##### THE DATA

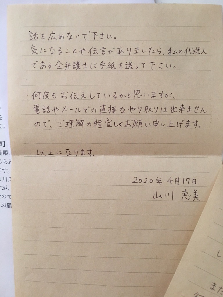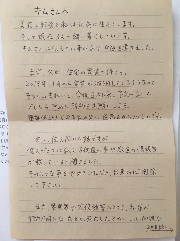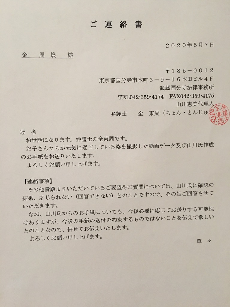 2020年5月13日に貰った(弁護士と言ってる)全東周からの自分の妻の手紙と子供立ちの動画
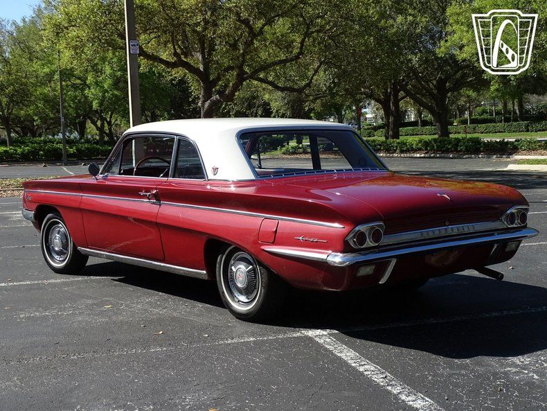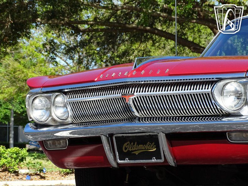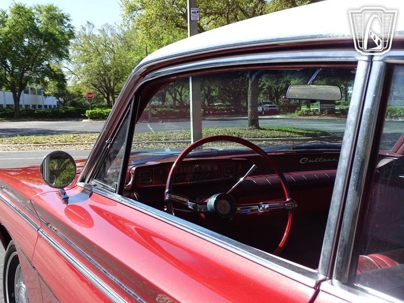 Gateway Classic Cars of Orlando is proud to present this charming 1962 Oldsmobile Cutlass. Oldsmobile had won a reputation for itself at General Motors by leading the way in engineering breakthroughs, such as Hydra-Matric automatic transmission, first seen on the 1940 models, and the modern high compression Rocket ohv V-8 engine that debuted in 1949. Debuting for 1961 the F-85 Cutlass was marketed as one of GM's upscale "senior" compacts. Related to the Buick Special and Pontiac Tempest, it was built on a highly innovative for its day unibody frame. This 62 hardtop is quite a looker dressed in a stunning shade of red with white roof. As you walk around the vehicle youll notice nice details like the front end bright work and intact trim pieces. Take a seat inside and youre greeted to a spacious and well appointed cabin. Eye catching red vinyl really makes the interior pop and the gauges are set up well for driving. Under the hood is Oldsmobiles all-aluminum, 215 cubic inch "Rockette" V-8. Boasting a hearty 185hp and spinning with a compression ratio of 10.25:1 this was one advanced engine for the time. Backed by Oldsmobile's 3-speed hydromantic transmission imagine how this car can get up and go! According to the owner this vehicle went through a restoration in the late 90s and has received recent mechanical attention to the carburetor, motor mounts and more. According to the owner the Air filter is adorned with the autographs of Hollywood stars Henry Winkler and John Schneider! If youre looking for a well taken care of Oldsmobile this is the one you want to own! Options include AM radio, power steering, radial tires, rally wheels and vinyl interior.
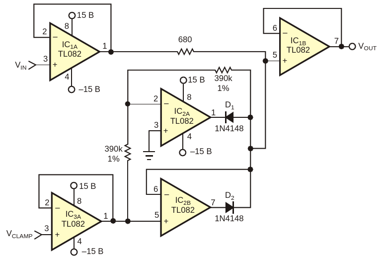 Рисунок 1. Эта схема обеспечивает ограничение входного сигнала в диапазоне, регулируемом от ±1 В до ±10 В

##########

## THE TASK
Copy nothing but the lines from the line that contains "Gateway Classic Cars" through the end of the listing, exactly, and keep pictures out of it.

## EXPECTED ANSWER
 Gateway Classic Cars of Orlando is proud to present this charming 1962 Oldsmobile Cutlass. Oldsmobile had won a reputation for itself at General Motors by leading the way in engineering breakthroughs, such as Hydra-Matric automatic transmission, first seen on the 1940 models, and the modern high compression Rocket ohv V-8 engine that debuted in 1949. Debuting for 1961 the F-85 Cutlass was marketed as one of GM's upscale "senior" compacts. Related to the Buick Special and Pontiac Tempest, it was built on a highly innovative for its day unibody frame. This 62 hardtop is quite a looker dressed in a stunning shade of red with white roof. As you walk around the vehicle youll notice nice details like the front end bright work and intact trim pieces. Take a seat inside and youre greeted to a spacious and well appointed cabin. Eye catching red vinyl really makes the interior pop and the gauges are set up well for driving. Under the hood is Oldsmobiles all-aluminum, 215 cubic inch "Rockette" V-8. Boasting a hearty 185hp and spinning with a compression ratio of 10.25:1 this was one advanced engine for the time. Backed by Oldsmobile's 3-speed hydromantic transmission imagine how this car can get up and go! According to the owner this vehicle went through a restoration in the late 90s and has received recent mechanical attention to the carburetor, motor mounts and more. According to the owner the Air filter is adorned with the autographs of Hollywood stars Henry Winkler and John Schneider! If youre looking for a well taken care of Oldsmobile this is the one you want to own! Options include AM radio, power steering, radial tires, rally wheels and vinyl interior.
 Рисунок 1. Эта схема обеспечивает ограничение входного сигнала в диапазоне, регулируемом от ±1 В до ±10 В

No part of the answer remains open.